Llamas are very trainable. Somewhere along the way of llamas being in the U.S., someone got the idea of dressing them up in costumes for costume class. When judges are judging a costume class of dressed-up llamas, they look for coverage of the llama and cleverness of the costume. The judge likes to see many parts of the llama covered. The idea behind it is you spend time working with your llama desensitizing him or her to wearing the "outfit" and by the time the show rolls around, they are willing to be draped, cloaked or wrapped in the handler's costume creation.
I have never been a fan of a costume class for any species. It just doesn't seem a very dignified thing to do -- to ask such lovely, regal animals to be covered in a costume. And you just don't see other livestock in costumes. But as a trainer and a teacher of young and newbie llama handlers, I do know that it is often a favorite class for the kids. So I go along. But I do not tolerate the creation of a costume the night before a show and not giving the llama a chance to wear and learn the costume ahead of time.

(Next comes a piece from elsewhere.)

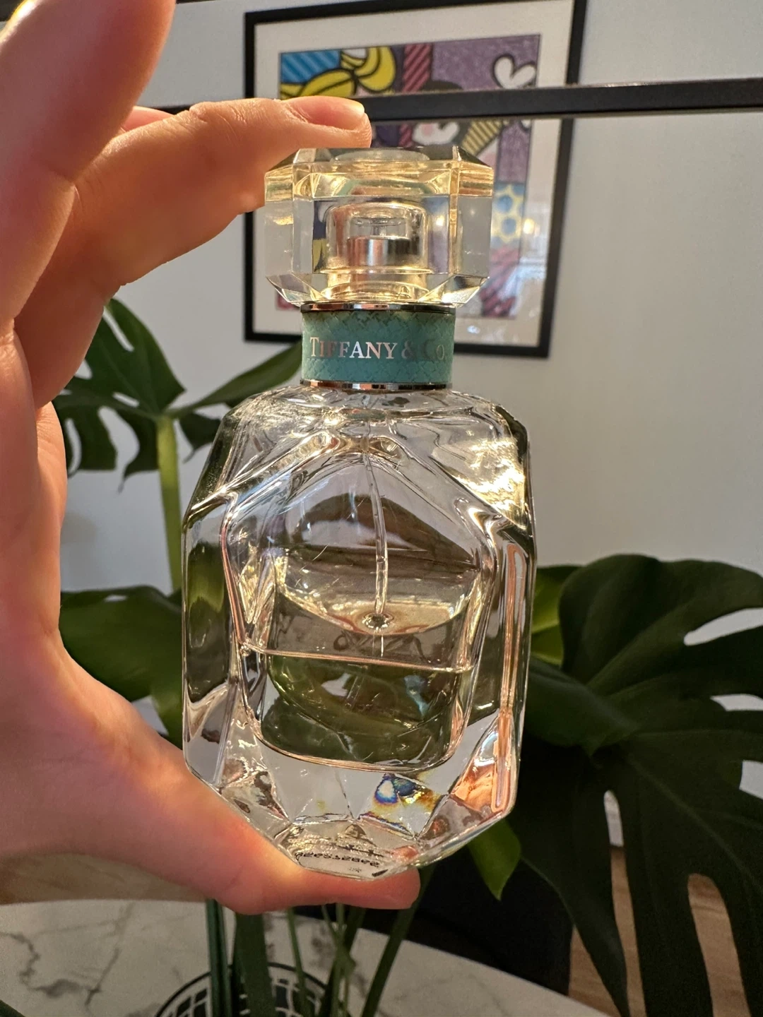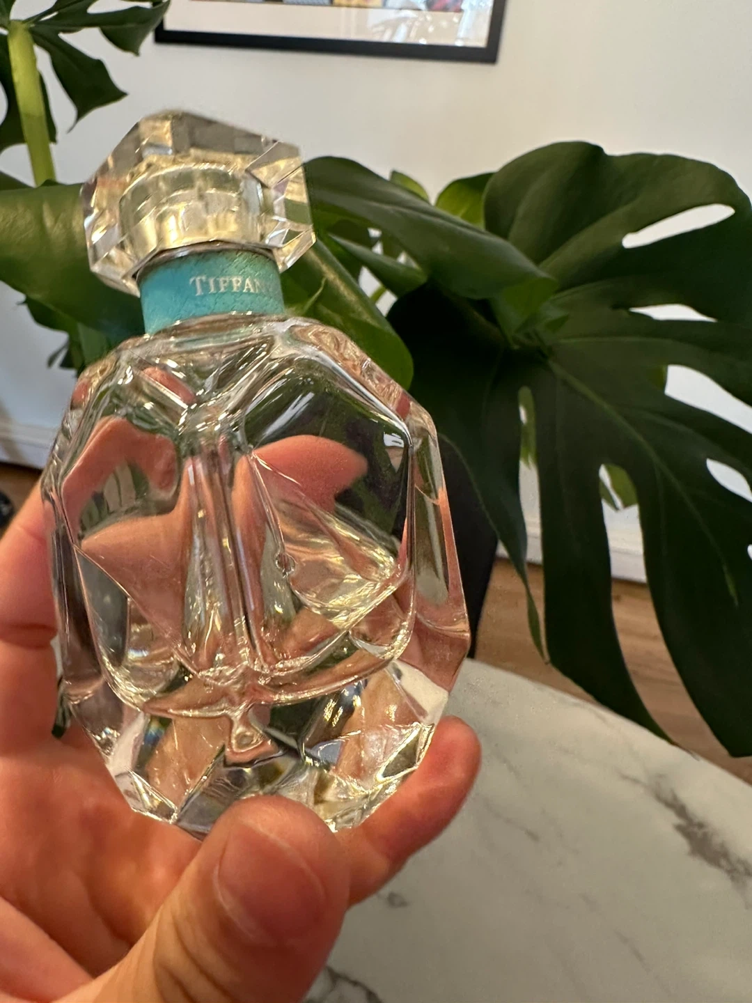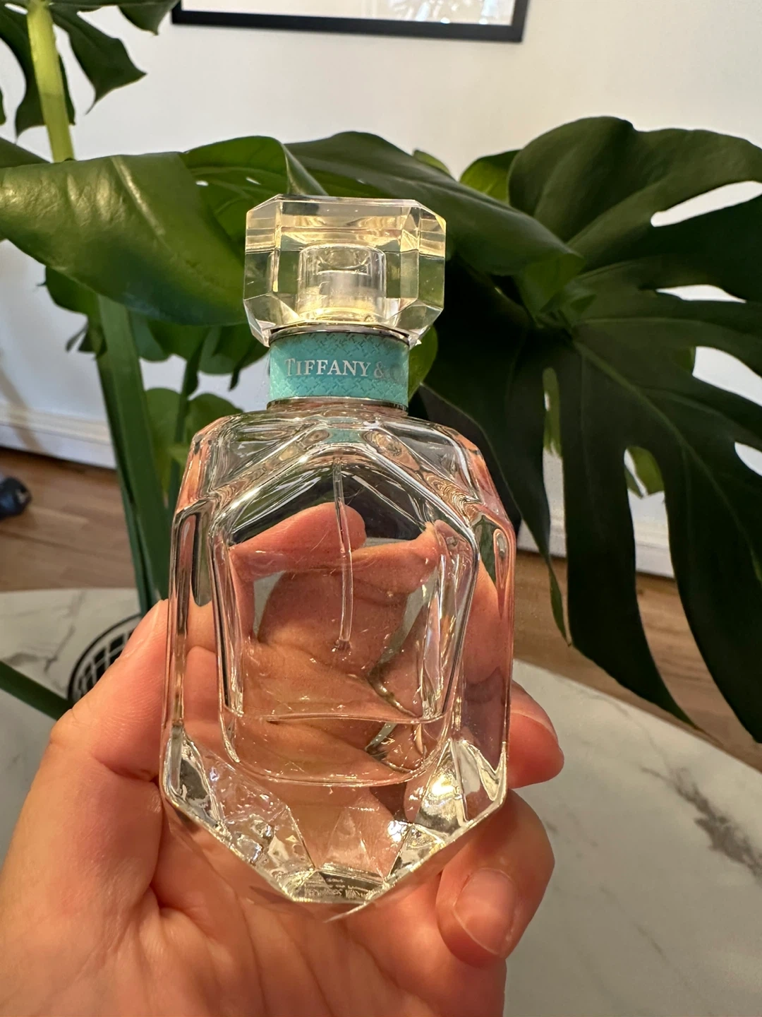 Selling a bottle of Tiffany & Co. Eau de Parfum. The bottle is clear glass with a beautiful, faceted design. The cap is clear and the neck of the bottle has a light blue accent. Great for everyday wear or a special occasion! Around 50 percent remaining.

Last summer, my 4-Hers did a great job of starting well enough ahead of the county fair in order to get their llama partners understanding and agreeing to the costumes. We used kind and gentle training techniques that were very effective in getting the llamas to accept their new clothes. We also had to brainstorm with parents and friends on ways to fasten head pieces and other costume elements. In the end, the kids competed with their llamas as a pair of princesses, as clowns and as show girls with fancy head pieces of feathers.
In the end, I was proud of the kids and the llamas. They all worked very hard on the costumes and the training. But I have to admit, I'm still not really a fan of costume class. But I have found a side benefit ... my llama, Betty, got a minor laceration on her hind leg in September and I had to treat it and then keep it clean for a few days while it healed. She stood so very quietly as she was tied in the barn aisle with a simple safety knot on the stall wall for wound treatment each day.
It is not normal for a llama to be willing to let you mess with their legs or their feet. They have a fear of having their ability to flee taken away from them. But there Betty stood for me. Confidant that I would not hurt her. Four feet on the ground while I cleaned her wound, applied a gauze bandage and wrapped her with Vetrap. The Vetrap was the very thing we had used to decorate her legs with in her clown costume, so she was used to all the attention on her legs and feet. OK, so costume class isn't such a bad thing after all!